Сталинский коммунизм определенно его уже не отрицал, но Нидэм всегда был тверд в своем неприятии сциентизма или редукционизма в любой форме, включая и марксизм. Это объяснялось не только тем, что за его пределами оставалось слишком много важных явлений реальности, но и тем, что он наносил вред науке в понимании Нидэма. Стоит процитировать фрагмент из его рецензии 1932 года на знаменитую антиутопию Хаксли «О дивный новый мир», опубликованной в журнале Scrutiny. Он видел в современных ему интеллектуальных тенденциях (Витгенштейн, «Венский кружок», левак Ланселот Хогбен) дрейф «посредством разумной экстраполяции» к «Дивному новому миру» Хаксли, поскольку они

толкали к тому, чтобы понятие действительности заменилось понятием коммуникации. Только в науке достижима совершенная коммуникация. Другими словами, все, что мы можем содержательно сказать, является в конечном итоге научными пропозициями, уточненными математической логикой… Наука остается единственным субстратом для Разума, но что еще хуже – Философия с Метафизикой также вытесняются в царство невыразимого. Таким образом Наука, которая возникает как особая форма философии и сохраняет свой интеллектуально значимый статус, только если остается Философией, становится лишь Мифологией, сопровождающей Технику[109].

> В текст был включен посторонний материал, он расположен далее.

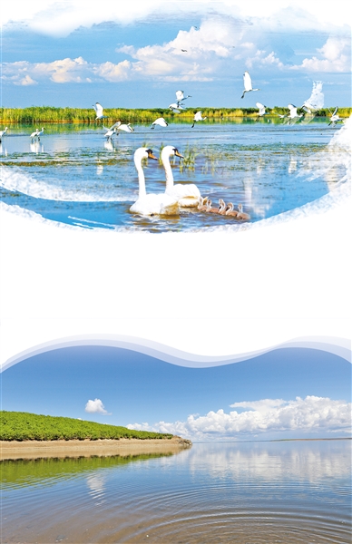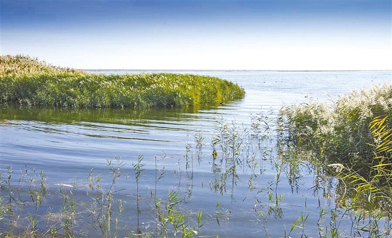 近处,青翠的苇丛生机勃勃,灵动的赤麻鸭时隐时现;远处,波光潋滟,水天一色。立于一艘快艇,看浩渺天际,水雾氤氲,淡烟浅色,宛如一幅水墨画。

Целью Нидэма-исследователя долгое время было создание биохимической эмбриологии, объединяющей редукционизм химиков с неизменным интересом биологов к организмам и процессам в целом. Антимеханистический (он предпочитал слово «органический») взгляд на науку был привлекателен для биологов-эволюционистов, таких как группа, образовавшая «Теоретический биологический клуб» в 1930-е годы под началом влиятельного тогда, но сейчас почти забытого Дж. Н. Вуджера; в клуб входили супруги Нидэм и К. Х. Уоддингтон (которому предстояло стать особой мишенью для атаки фон Хайека на марксистов в «Дороге к рабству»). Именно тогда впервые возник концепт иерархии живых организмов, классически изложенный Нидэмом в «Порядке и жизни» (1936). Он постулировал, что организм целиком не может быть полностью описан ни на одном из более низких уровней, выстроенных по сложности и размерности – молекулярном, макромолекулярном, клеточном, тканевом и т. д., – и что на каждом уровне возникают новые модели поведения, которые не могут быть адекватно интерпретированы в терминах низшего уровня (либо вовсе не могут), а только через связи между уровнями. В 1961 году во введении к «Химии жизни» Нидэм писал: «Иерархия связей от молекулярной структуры углерода до равновесия видов и экологии планеты, вероятно, станет ведущей идеей будущего». Процесс, иерархия и взаимодействие были ключом к реальности, которая была постижима только как единое целое.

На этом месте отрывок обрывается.